Given the number of years that Bell and Wheeler have been involved in advanced physics, other physicists are also mentioned. Interactions with people such as Robert Oppenheimer, Richard Feymann, Kurt Godel, Freeman Dyson, Neils Bohr, Wolfgang Pauli and David Bohm are all described. The amount of space devoted to the technical aspects of physics is almost nonexistent, the emphasis is on the people, their personalities and how they interacted. The paragraph that I found most memorable involved the spy Klaus Fuchs. Sir Rudolf Peierls, the man responsible for getting Fuchs involved in the atomic bomb project, heard that he had been imprisoned for spying and went to visit him.
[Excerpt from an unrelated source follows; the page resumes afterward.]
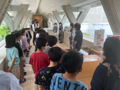 4年生は、観光バスで世田谷美術館へ出向いての美術鑑賞教室です。ピーターラビット展をしています。グループに分かれて、ボランティアの方の案内で館内を巡っていきます。
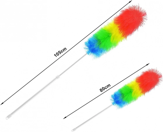 - Teleskopowa rączka umożliwia łatwe przedłużenie długości szczotki do sprzątania w miejscach wysoko położonych, takich jak lampy i żyrandole.

He told Fuchs, "There has been a terrible mistake. We've got to get proper legal counsel for you. Fuchs replied, "No, there is no mistake, I am a spy." Peierls responded, "How could you?" Fuchs answered, "Well, I meant to give control of the world to the Russians." Peierls responded, "But how could you?" To which Fuchs answered, "But then I meant to tell them what was wrong with them." Amazing, Fuchs was a genius as a physicist and about as naïve as a person could be when it comes to politics.

The great catcher Roy Campenella once said about baseball, "You have to be a man to play this game, but you also have to have a lot of little boy in you." That seems to also apply to physics, as the overriding theme of the book is that a physicist must be smart, but also possess an overpowering childlike curiosity.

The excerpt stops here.